Как от успехов земледелия цветут поля и села, так среднее политическое состояние украшает грады (377). Обогащая государство торговлею и художествами, представляя ему новые источники общественного избытка и силы, оно не менее полезно и для успехов земледелия, имея нужду в его плодах и щедро награждая за них селянина (377). Премудрая чувствует необходимость особенных законов для городских жителей, для определения их прав и выгод (393), для ободрения их промышленности и трудолюбия. Каждая мысль ее о сем предмете есть важная истина для законодателей. „Торговля бежит от притеснений и царствует там, где она свободна; но свобода не есть самовластие торгующих в странах вольных; например, в Англии они всего более ограничены законами (к этому положению Карамзин дает собственное примечание: ‘О свободе торговой можно сказать то же, что о свободе политической: она состоит не в воле делать все полезное одному человеку, а в воле делать все невредное обществу’), но законы эти имеют единственною целию общее благо торговли, и купечество в Англии процветает (317–322)“. — Сей же род людей прославляет государство науками (377), имеющими влияние и на благо других состояний.
Цветущие села и города должны быть безопасны от внешних неприятелей, которые огнем и мечом могут превратить их в гробы богатств и людей: образуется воинское состояние, училище героев, древний источник гражданских отличий, названных правами благородства или дворянства (365). Гражданин, для общего блага жертвующий не только спокойствием жизни, но и самою жизнию, есть предмет государственной благодарности; ее мера есть мера услуг его, герои, спасители отечества, были везде первыми знаменитыми гражданами, пользовались везде особенными правами (361). Но чем же наградить воина, умирающего на поле славы? Народная признательность изобрела средство быть вечною, награждая отца в сыне: почесть важнейшая мраморных памятников! Итак, право наследственного благородства есть священное для самого рассудка, для самой философии — и полезное для общества: ибо дети знаменитых мужей, рожденные с великими гражданскими преимуществами, воспитываются в долге заслужить их личными своими достоинствами (374). Честь и слава, по словам бессмертного Монтескье, есть семя и плод дворянства. Хотя первым источником оного были издревле одни воинские добродетели; но как правосудие нужно не менее победе для государственного благоденствия, то оно также может быть отличием сего рода людей (368), сих главных стражей отечества вне и внутри его. Но славные права дворян, их не менее славные обязанности всегда ли будут только жребием некоторых счастливых поколений? Нет: добродетель с заслугою сообщают благородство (363) — вещает Екатерина — и таким образом открывает путь славы для всех состояний. Что можно приобрести достоинствами, то можно утратить пороками: монархиня означает и те и другие. Если человек, который долгое время был для сограждан примером нравственного совершенства и любви к отечеству, рукой государя возводится на степень дворянства: то можно ли стоять на ней изменнику, вероломному, лживому свидетелю? Он свергается в толпу народную, где гражданское правосудие знаменует его стыдом и бесчестием (371)…

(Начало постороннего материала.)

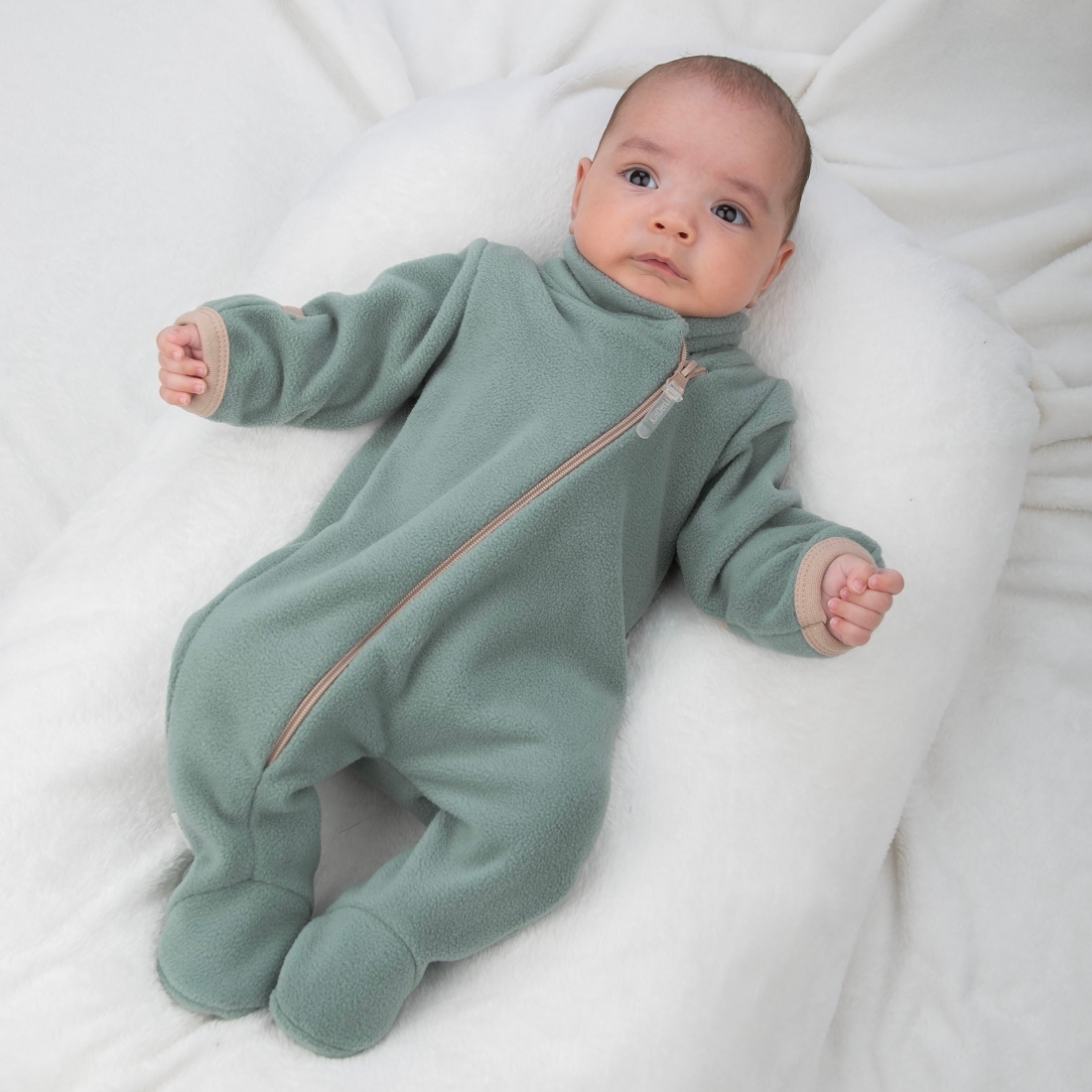 Косая молния на всю длину, делает процесс одевания малыша простым и удобным.
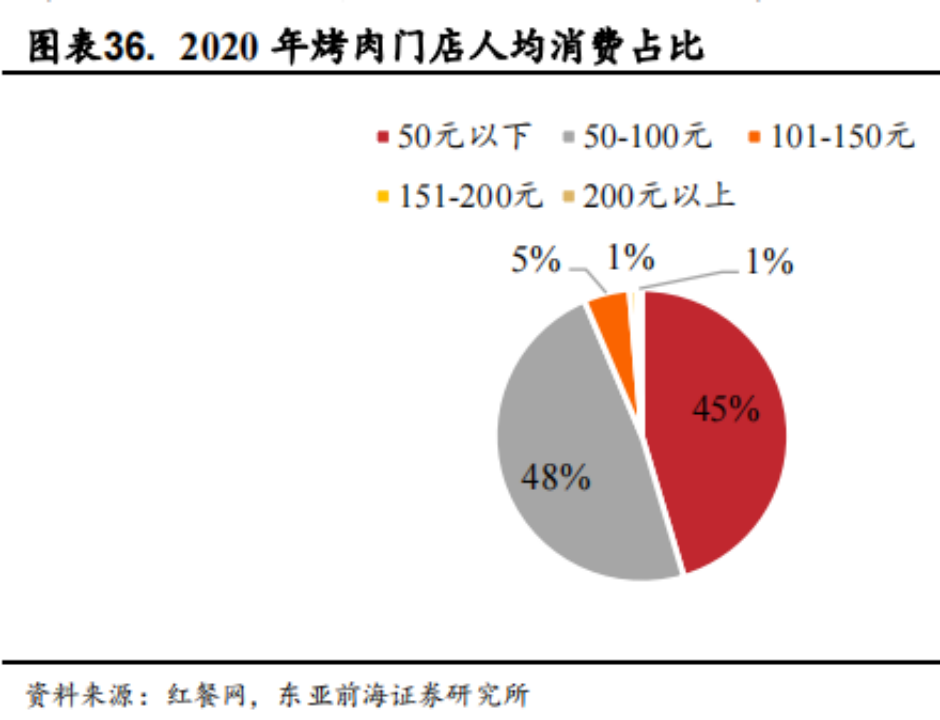 據(jù)紅餐網(wǎng)數(shù)據(jù),烤肉市場人均消費(fèi)區(qū)間一般在100元以下,還有50元上下區(qū)間的,兩種價格區(qū)間各占一半。
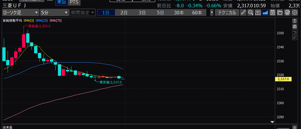 8306)三菱UFJFG 2324.5円で買い指値注文
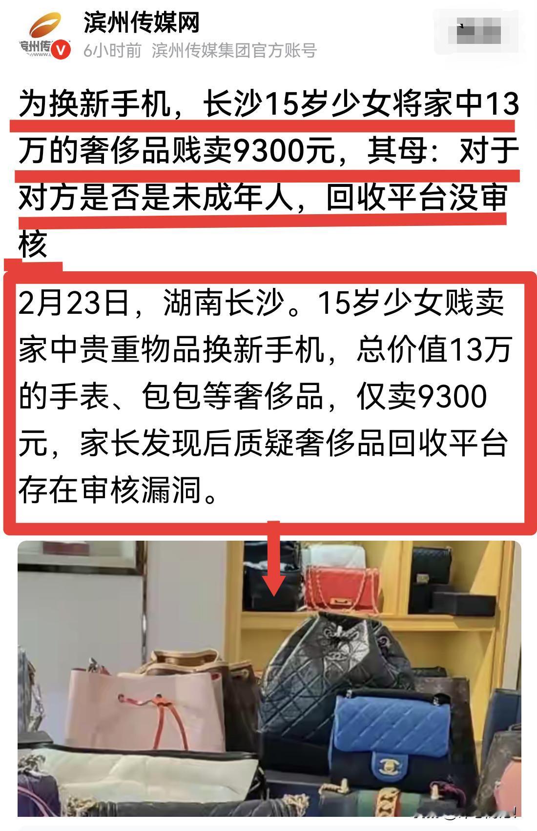 扎心!13万奢侈品贱卖9300!这是教育缺位!2月23日,长沙15岁少女为换新手机,将家中13万的奢侈品贱卖9300元,其母对平台提出质疑,对于对方是否是未成年人,回收平台没审核。 15岁的孩子,对钱、对贵重物品、对“家里资产”根本没建立认知。她只知道“我有东西”去换“我想要的东西(手机) ”。这不是坏,也不是败家,只能说是教育的缺位。关键问题还是在于她的母亲——教育缺位,靠钱是养不出懂事的孩子;无底线的宠溺,只会养出不懂珍惜、不计后果的孩子。 评心而论:家里再有钱,没教好就是最大失败。同时,慈母多败儿,这句话放在今天依然不过时。
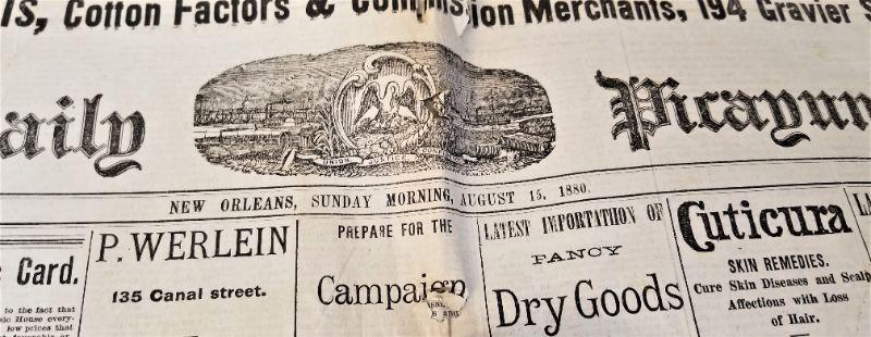 Lot #64  Original copy of the Daily Picayune, August 15, 1880
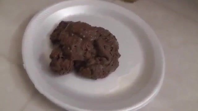 Girl with a big ass is pooping a big pile of creamy shit on a white plate.
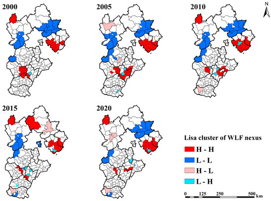 The coupled coordination system of the WLF nexus system showed a trend of spatial aggregation. The H-H gathering area is mainly distributed in the north of Zhangjiakou, the south of Tangshan and Qinhuangdao, and the county at the junction of Shijiazhuang, Hengshui, and Xingtai. The L-L type agglomeration area is located in the southeast of Chengde, Zhangjiakou’s southwest, and the junction of Baoding in the north. The H-L and L-H types are distributed across counties.

Предложив в сем Наказе самую лучшую основу для политического образования России, Екатерина заключает его священными, премудрыми мыслями, которые, подобно Фаросу, в течение времен должны остерегать все монархии от политического кораблекрушения. Сограждане! да обновится внимание ваше: се глас вечной судьбы, открывающей нам причину государственных бедствий!
„Империя близка к своему падению, как скоро повреждаются ее начальные основания; как скоро изменяется дух правления, и вместо равенства законов, которое составляет душу его, люди захотят личного равенства, несогласного с духом законного повиновения; как скоро престанут чтить государя, начальников, старцев, родителей. Тогда государственные правила называются жестокостию, уставы принуждением, уважение страхом. Прежде имение частных людей составляло народные сокровища; но в то время сокровище народное бывает наследием частных людей, и любовь к отечеству исчезает (502–566). — Что истребило наши две славные династии? говорит один китайский писатель: то, что они, не довольствуясь главным надзиранием, единственно приличным государю, хотели управлять всем непосредственно и присвоили себе дела, которые должны быть судимы разными государственными правительствами. Самодержавие разрушается, когда государи думают, что им надобно изъявлять власть свою не следованием порядку вещей, а переменой оного, и когда они собственные мечты уважают более законов (510–511). — Самое высшее искусство монарха состоит в том, чтобы знать, в каких случаях должно ему употребить власть свою: ибо благополучие самодержавия есть отчасти кроткое и снисходительное правление. Надобно, чтобы государь только ободрял и чтобы одни законы угрожали (513–515). Несчастливо то государство, в котором никто не дерзает представить своего опасения в рассуждении будущего, не дерзает свободно объявить своего мнения (517). — Все сие не может понравиться ласкателям, которые беспрестанно твердят земным владыкам, что народы для них существуют. Но мы думаем и за славу себе вменяем сказать, что мы живем для нашего народа. Сохрани Боже, чтобы, по совершении сего законодательства, какой-нибудь народ на земле был счастливее российского! Тогда не исполнилось бы намерение наших законов: — несчастие, до которого я дожить не желаю (520)!“».
Заключает Карамзин свою оценку личности идеального образа Екатерины-монархини энергичной хвалебной характеристикой.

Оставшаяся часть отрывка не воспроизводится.